Augur v18.0.0 was released not too long ago, and it adds the --use-fft flag to augur refine. Using this flag cut down augur refine's computational time considerably (from 57 minutes down to 35 minutes, on a rather large tree of ~3800 genomes).

I used the following patch to patch workflow/snakemake_rules/main_workflow.smk, which you should feel free to modify:

Patch to workflow/snakemake_rules/main_workflow.smk ```diff --- a/workflow/snakemake_rules/main_workflow.smk 2022-10-03 20:11:11.081133161 +0000 +++ b/workflow/snakemake_rules/main_workflow.smk 2022-10-03 20:12:06.449659266 +0000 @@ -843,7 +843,8 @@ divergence_unit = config["refine"]["divergence_unit"], clock_filter_iqd=f"--clock-filter-iqd {config['refine']['clock_filter_iqd']}" if config["refine"].get("clock_filter_iqd") else "", keep_polytomies = "--keep-polytomies" if config["refine"].get("keep_polytomies", False) else "", - timetree = "" if config["refine"].get("no_timetree", False) else "--timetree" + timetree = "" if config["refine"].get("no_timetree", False) else "--timetree", + use_fft = "" if config["refine"].get("no_timetree", False) or config["refine"]["date_inference"] != "marginal" else "--use-fft" conda: config["conda_environment"] shell: """ @@ -855,6 +856,7 @@ --output-node-data {output.node_data} \ --root {params.root} \ {params.timetree} \ + {params.use_fft} \ {params.keep_polytomies} \ --clock-rate {params.clock_rate} \ --clock-std-dev {params.clock_std_dev} \ ```

Does this sound good?

victorlin commented 2 years ago

@fanninpm that's great to hear!
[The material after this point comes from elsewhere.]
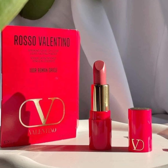 Rosso Valentino is a highly pigmented refillable lipstick that delivers pure vibrant color in one stroke. Available in 34 shades in two exquisite finishes: creamy vibrant satin and non-drying luminous matte.he satin formula features a new patented technology that encapsulates a liquid lipstick into a stick. A thin color film that instantly glides onto lips for an intense pay-off in one stroke. The lightweight satin formula is infused with 70% caring ingredients that gives all day moisture and comfort for instant and over-time smoother, fuller and bouncier lips.

I'm not very involved in the TreeTime development, but I noticed that --use-fft was added to the Nextstrain monkeypox workflow then recently removed. @corneliusroemer is this because of https://github.com/nextstrain/augur/issues/1057? Do you think it'd be beneficial to add to the ncov workflow?

corneliusroemer commented 2 years ago

Yes @victorlin it would be good to add --use-fft to ncov in the mid-term, once we're sure that it's no longer buggy.

Maybe we can make an issue to add --use-fft to all of our computationally demanding workflows in the mid-term?